The lab's empty, there's nobody there, so he puts the shirt on the chair, and he tells himself that he's not disappointed. He isn't going to freak out just because he had sex with a DNA tech who abandoned him, and none of this is anything like himself. It's all bizarre.
"Didn't expect to see you until tomorrow," Warrick says to him when they pass in the hall, and he's frighteningly somber. "It's good you're here. We gotta go. You think you wanna come in early?"
He says yes, even though he doesn't, and that's all the conversation. Nick's still adrift, lost somewhere in a weird space-time continuum, and the Tahoe's all part of that, just makes it even weirder, and the place they're driving up at looks kind of familiar. Nice apartments, nice area of town. Not the kind of place you'd expect to have to visit when you're CSI, but Nick's learned that every place is the kind of place you visit when you do what he does for a living.
"I'll understand if any of you doesn't want to handle this one," Grissom says at the door, and that's weird. That's not right, that's... That's just weird. "He's been here three days. It's, ah, not a pretty sight."
Nick's making connections now.
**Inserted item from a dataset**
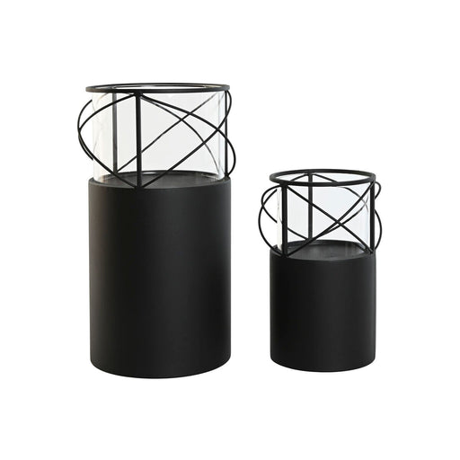 Suport de Lumânări Home ESPRIT Negru Metal Geam 24,5 x 24,5 x 46 cm (2 Unități)

They're not connections he likes, because he sees the oxblood Docs by the side of the door, and there's something on repeat on the CD, something that plays too much in the lab and usually, it drives them all crazy. So why hasn't anybody turned it off?
It's not right. None of this is right, and he can't get it straight in his head because he knows that he saw the man on the floor. He saw him in the last twelve hours, all quiet and weird and full of sex, and when he turns around and pukes because of it, nobody says anything to him.
Nobody says anything at all.
But Catherine covers his face gently with neon plaid, and that's a start.